Thanks for this great post Mr. Hoffman! Two week camps--I wish I could have been there!


----------



## Tim Dawdy (Jan 16, 2003)

David

I still talk with Mike Morton (about once a year). He works in Vancouver Washinton as a Police Officer. I work in the Vancouver area as a Fire Chief so we run into each other once in a while. I always thought (and still do) that Mike is an outstanding Arnis player. While Mike had his ups and downs with the Professor, Mike loved him and was always loyal to him. 

I first meet Mike in about 1985 when he came to Portland Oregon and taught a cane sparring class. We became friends, and I can even produce a picture (about 1988) of me wearing a t-shirt with the arnis symbol you talked about. 

I still practice Arnis and Tai Chi. I taught Arnis classes in Portland between 1988 and 2000. I now live in a very small town north of Vancouver Washington where we are focued on playing Bluegrass music and Kayaking. I married Wendy Anderson who is a wonderful woman that I met at one of the Professors classes in Portland (thanks again Professor). Wendy is an Outstanding Kung-Fu and Tai Chi player and a fitness fanatic. I practice Arnis with Wendy and friends here in town. 

Thanks for your splendid thoughts about Mike and the Professor. 

Tim Dawdy


----------



## Terry (Feb 22, 2003)

I, too have been in contact with Michael Morton from time to time.  I first met him at the Rosemont, PA Camp.  I was playing some Pow Wow songs and he came down to my room and introduced himself.  His love for Professor has never wained as far as I can tell.
Ann Killeen and I were both members of the Feminist Self Defense and Karate Association in East Lansing, Michigan, under the tutelage of Joan Nelson.  Joan was one of the founders, along with Jaye Spiro, Barbara Bones, Janesa Kruse and some other fantastic women, of the Women's Summer Training Camps.  Ann moved west to train with Barbara Bones and Janesa Kruse, two of Lee Lowery's contemporaries.    Ann helped me a lot about how to organize and run camps for Professor.
Ah, the memories of those two week camps!  That was also the camp at which I first met Rocky Pasiwk (a very young Rocky, I might add).  Sifu Lee, Bones, and Kruse.  What an excellent example of what Professor was trying to do!!  They filled in wonderfully, as he left one afternoon (without any of us knowing it) and flew to California and back in order to become an American citizen.  "Professor is just resting this afternoon".  That was also the Camp where Dr. Schea and I first became steadfast friends.
David:  Thank you so much for your posts.  What memories you evoke!!

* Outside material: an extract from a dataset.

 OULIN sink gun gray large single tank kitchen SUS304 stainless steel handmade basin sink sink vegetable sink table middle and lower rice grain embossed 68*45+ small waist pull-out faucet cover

Yours in the Spirit and fond memoies of Professor,

Terry


----------



## Angus (Feb 22, 2003)

I'm not exactly sure about Zoppi and DeVito, but I do know that the students who come out of the links posts (TMA) are pretty terrible looking. I've been to the school and watched on a couple occasions and was never impressed with what I saw. Just IMO.


----------



## jarrod (Oct 1, 2009)

i came across this old thread while googling some stuff.  for those interested, mr roemer is teaching at the colorado academy of martial arts in littleton.  i had my first class with him tuesday & am looking forward to returning tonight.  really, really nice guy & clearly a skilled martial artist.

jf


----------



## Dan Anderson (Oct 1, 2009)

Angus said:


> I'm not exactly sure about Zoppi and DeVito, but I do know that the students who come out of the links posts (TMA) are pretty terrible looking. I've been to the school and watched on a couple occasions and was never impressed with what I saw. Just IMO.

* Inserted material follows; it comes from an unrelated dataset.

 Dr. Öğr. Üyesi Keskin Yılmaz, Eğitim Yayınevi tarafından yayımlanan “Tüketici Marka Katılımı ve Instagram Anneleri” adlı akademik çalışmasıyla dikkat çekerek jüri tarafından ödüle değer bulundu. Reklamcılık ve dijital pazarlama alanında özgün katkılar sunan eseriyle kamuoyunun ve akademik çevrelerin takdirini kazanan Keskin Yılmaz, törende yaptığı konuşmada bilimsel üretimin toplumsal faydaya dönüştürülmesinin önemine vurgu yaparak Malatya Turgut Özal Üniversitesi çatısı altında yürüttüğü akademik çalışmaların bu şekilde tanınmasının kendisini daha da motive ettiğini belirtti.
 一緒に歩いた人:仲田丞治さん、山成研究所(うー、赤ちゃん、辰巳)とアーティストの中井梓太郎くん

Tom Zoppi passed away, I believe, several years ago and Danny DeVito has gone off the radar screen.  I know that for quite some time he has pursued a career in acting and that is time consuming.

Yours,
Dan Anderson


----------



## Dan Anderson (Oct 1, 2009)

DWright said:


> Dan
> 
> Do you know what happened to "Mac" Mcgreggor? (I never knew his first name) or Anne Kiellin (sp)?
> 
> ...


Mac McRedmond is a sheriff for Multnomah County (Portland, Oregon).  I don't know what happened with Ann Kileen after her break up with Barbara Bones.  Tim Dawdy is in Vancouver, Washington.

Yours,
Dan Anderson


----------